- Born: ca. 1945
- Died: October 18, 2000 (aged 55) Venice, California, United States
- Cause of death: Gunshot wounds
- Education: Ohio State University, BA UC Berkeley, MBA
- Occupations: Citizen journalist, editor and publisher House painter, property manager and real estate agent
- Organization(s): Venice-area Model Neighborhood Program Neighborhood Watch Community Police Advisory Board
- Known for: Neighborhood News (weekly)
- Style: Crime reports
- Partner: Cynthia Jean Moore

= James Edwin Richards =

American journalist

James Edwin Richards, also known as Jim Richards, (ca.1945 - 18 October 2000), was an American citizen journalist, editor and publisher of Neighborhood News, a weekly e-mail newsletter, that reported on crime in Venice, California. Richards was murdered at his Oakwood neighborhood home, one convicted assailant was sentenced to 16 years in prison, and the anniversary of his death is honored by locals.

== Personal ==
James Edwin Richards was 55 years old at the time of his murder.
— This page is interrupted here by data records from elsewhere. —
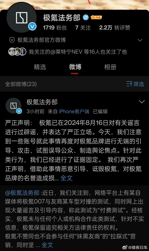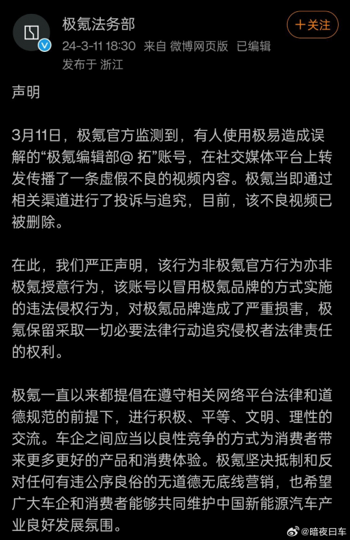 但你要是顺着两家法务部的微博往深了挖,就会发现,极氪法务部在去年3月发过一条,大概就是有个自媒体账号挂着极氪的名字,给友商车型的视频配了鬼畜音乐后,极氪官方亲自下场与其撇清关系并让其删除视频。
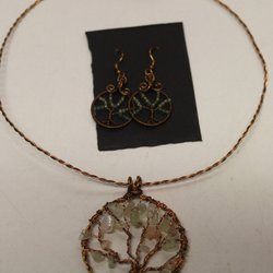 Halsband och örhängen av koppar, sten och pärlor
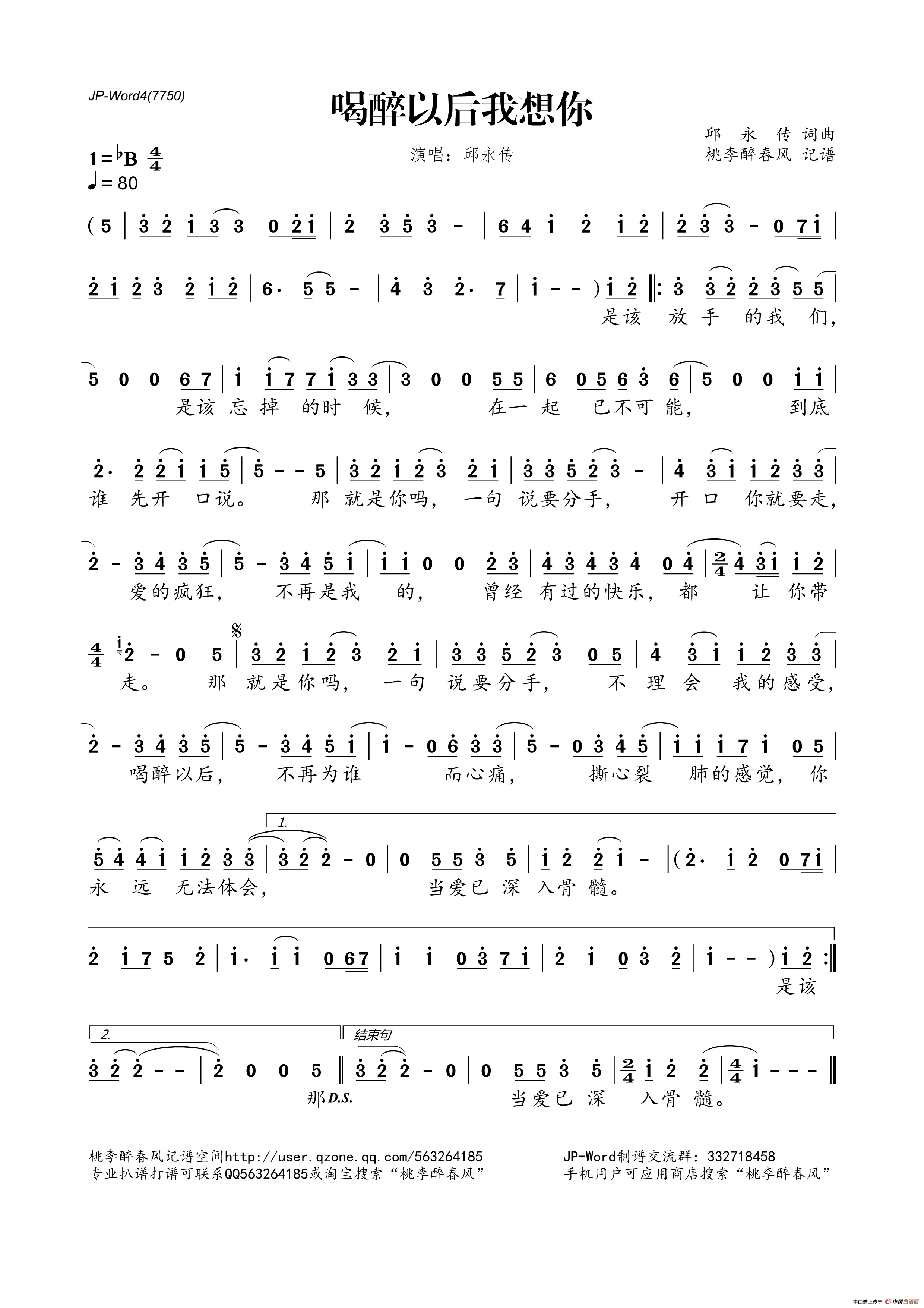 喝醉以后我想你相关五线谱
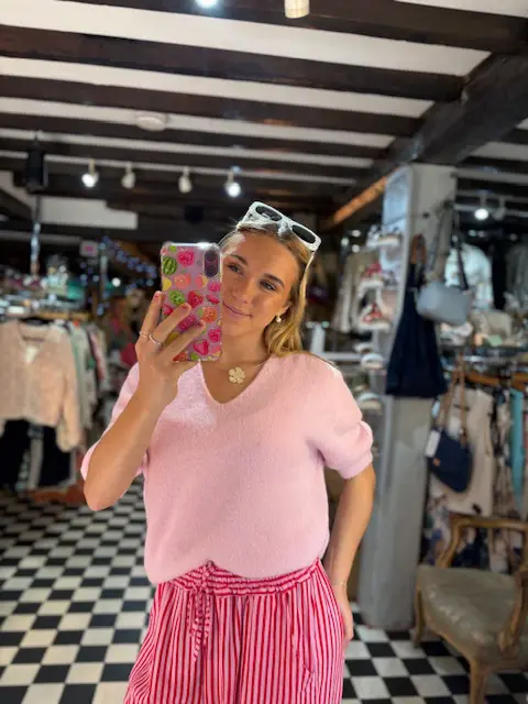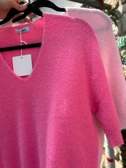 Our beloved super soft knit baby alpaca jumpers in a new style and 2 lovely shades of pink perfect to give you a little pop of colour. Lightweight enough to layer , great for those chilly summer evenings.
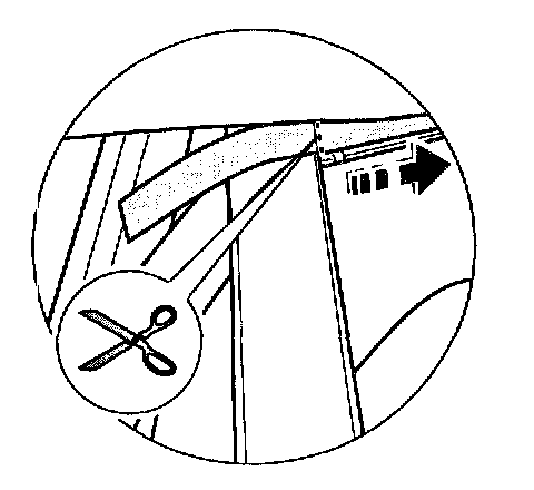 b. For vehicles and convertible-top coverings with extended tightening strips on the left and right, cut off the tightening strips flush at the tension strap.
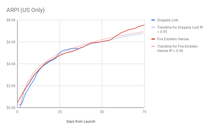 Accounting for install volume, Dragalia Lost has been roughly in line with Fire Emblem Heroes in terms of revenue per install -- so far.
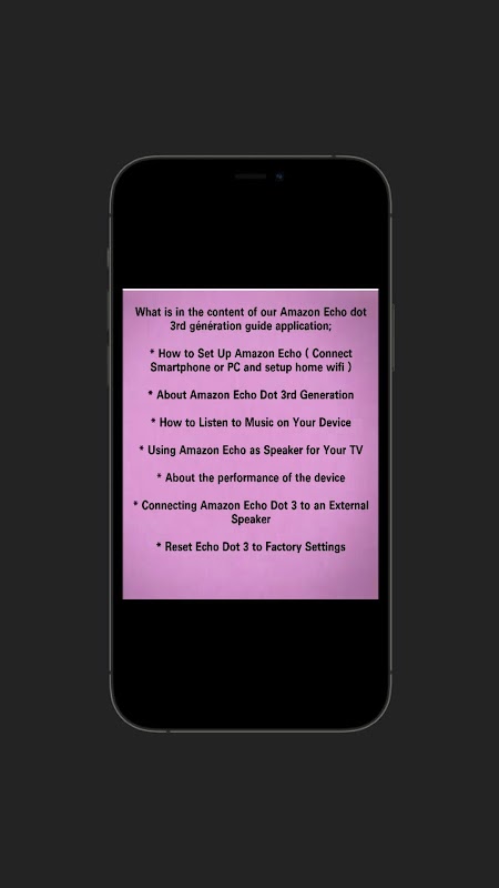 Note: the app echo dot is a guide, is not affiliated with or approved by Amazon. Download this guide to learn about Amazon Echo dot 3rd Génération.

He had lived at 546 Vernon Avenue for 20 years and in Venice since 1969. Richards was known in his community as a local anti-crime activist, block captain for the Model Neighborhood Program, and a member of the Community Police Advisory Board.
His hometown was Dayton, Ohio. After attending Catholic schools in Dayton, he went on to earn his BA degree from Ohio State University. He then studied at UC Berkeley and graduated with a master's degree in business. Before turning to citizen journalism, Richards had established himself as a house painter, property manager, and real estate agent.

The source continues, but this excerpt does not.